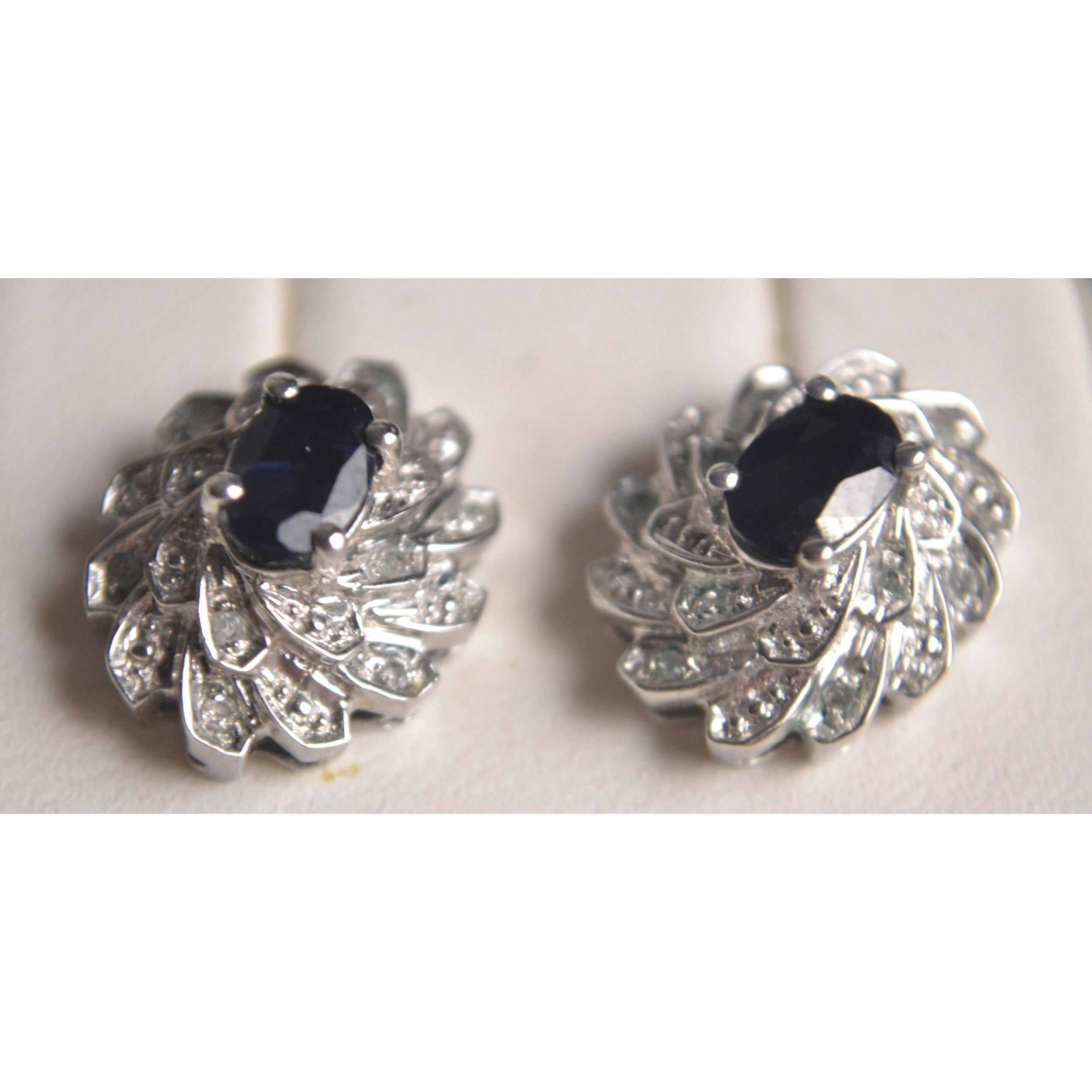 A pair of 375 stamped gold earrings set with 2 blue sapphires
◇ ◇ ◇
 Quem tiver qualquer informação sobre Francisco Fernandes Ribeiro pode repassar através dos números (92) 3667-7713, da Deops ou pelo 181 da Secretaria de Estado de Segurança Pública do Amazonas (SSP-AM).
◇ ◇ ◇
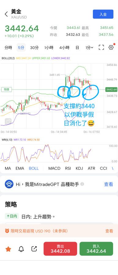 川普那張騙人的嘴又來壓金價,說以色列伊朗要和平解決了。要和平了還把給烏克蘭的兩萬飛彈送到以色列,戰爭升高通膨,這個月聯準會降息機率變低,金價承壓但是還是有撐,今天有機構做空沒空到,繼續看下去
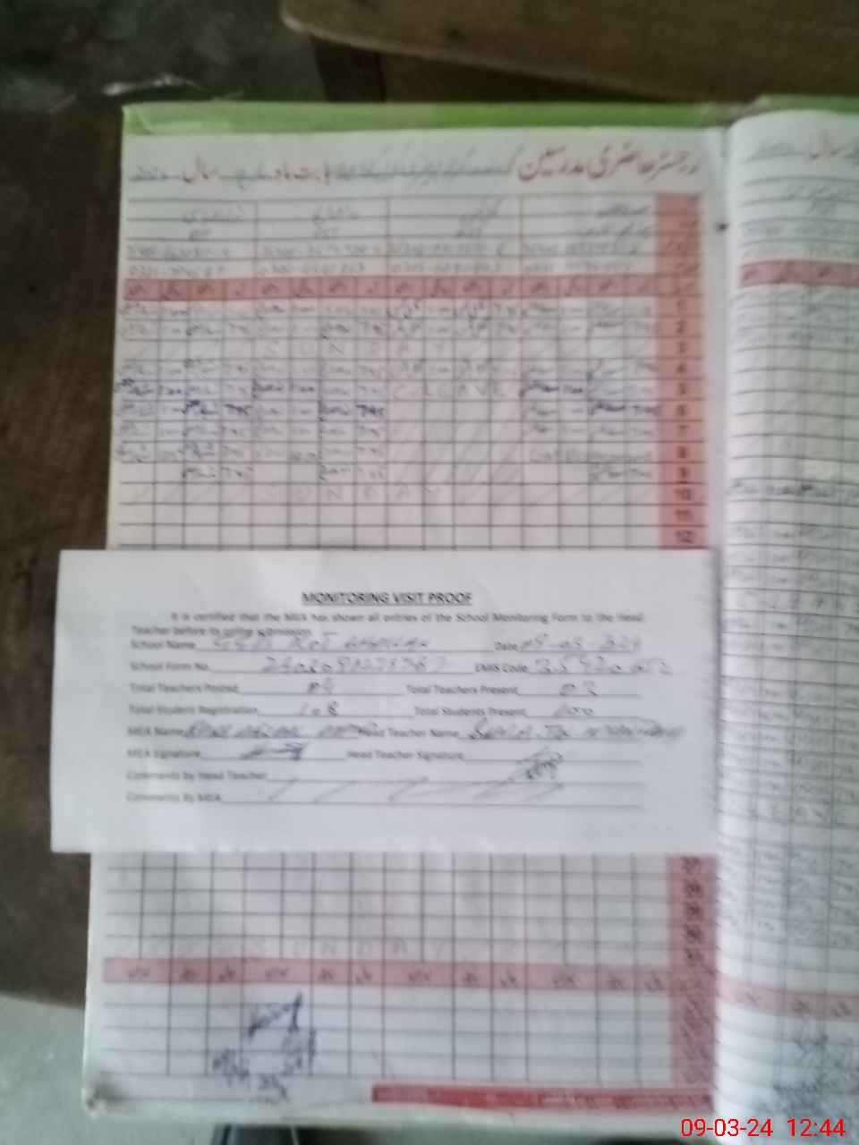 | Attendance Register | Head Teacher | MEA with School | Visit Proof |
◇ ◇ ◇
§ TASK
Copy nothing but the lines above that run from the one with "川普那張騙人的嘴又來壓金價,說以色列伊朗" to the one with "Visit Proof |", ends included; pictures stay out.

§ TASK RESULT
 川普那張騙人的嘴又來壓金價,說以色列伊朗要和平解決了。要和平了還把給烏克蘭的兩萬飛彈送到以色列,戰爭升高通膨,這個月聯準會降息機率變低,金價承壓但是還是有撐,今天有機構做空沒空到,繼續看下去
 | Attendance Register | Head Teacher | MEA with School | Visit Proof |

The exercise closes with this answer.